Через несколько минут, ровно в четыре часа, началось торжественное
заседание. Бен-Гурион, в темном костюме и при галстуке, встал и постучал
председательским молотком. По плану этим подавался знак оркестру,
упрятанному на галерею второго этажа, сыграть "Ха-Тиква". Что-то не
сработало, и музыка так и не раздалась. Но мы все поднялись со своих мест и
спели наш национальный гимн. Тогда Бен-Гурион откашлялся и негромко сказал:
"Сейчас я прочту Декларацию Независимости". Чтение заняло всего четверть
часа. Он читал медленно, очень внятно, и помню, как изменился и слегка
усилился его голос, когда он дошел до одиннадцатого параграфа.
"На этом основании мы, члены Национального Совета, представители
еврейского населения Эрец-Исраэль и сионистского движения, собрались в день
истечения британского мандата на Эрец-Исраэль и в силу нашего естественного
и исторического права и на основании решения Генеральной Ассамблеи
Организации Объединенных Наций настоящим провозглашаем создание еврейского
государства в Эрец-Исраэль - Государства Израиль".
Государство Израиль! Глаза мои наполнились слезами, руки дрожали. Мы
добились. Мы сделали еврейское государство реальностью, - и я, Голда
Мабович-Меерсон, дожила до этого дня.
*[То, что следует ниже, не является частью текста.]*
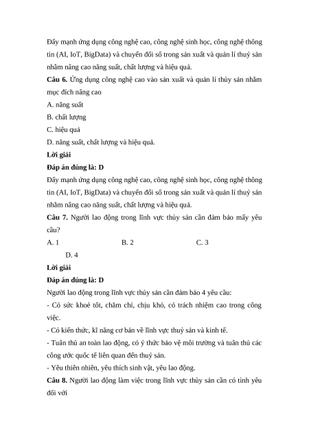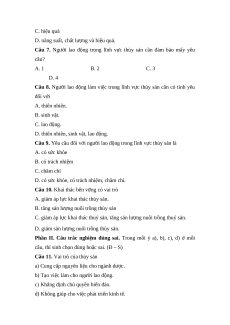 Câu 7. Người lao động trong lĩnh vực thủy sản cần đảm bảo mấy yêu cầu? A. 1 B. 2 C. 3 D. 4

Что бы ни случилось, какую бы цену ни
пришлось за это заплатить, мы воссоздали Еврейскую Родину. Долгое изгнание
кончилось. Отныне мы будем жить в стране своих отцов не потому, что нас
соглашаются терпеть; теперь мы - такая же нация, как другие, и, впервые за
двадцать веков, мы - хозяева своей судьбы. Мечта осуществилась - слишком
поздно для спасения погибших при Катастрофе, но не слишком поздно для
грядущих поколений. Пятьдесят лет назад, после Первого сионистского
конгресса в Базеле, Теодор Герцль записал в дневнике: "В Базеле я основал
еврейское государство. Если бы я сказал это сегодня - это было бы встречено
общим смехом. Может быть, через пять лет - и без всякого сомнения, через
пятьдесят - это увидят все". Так оно и произошло.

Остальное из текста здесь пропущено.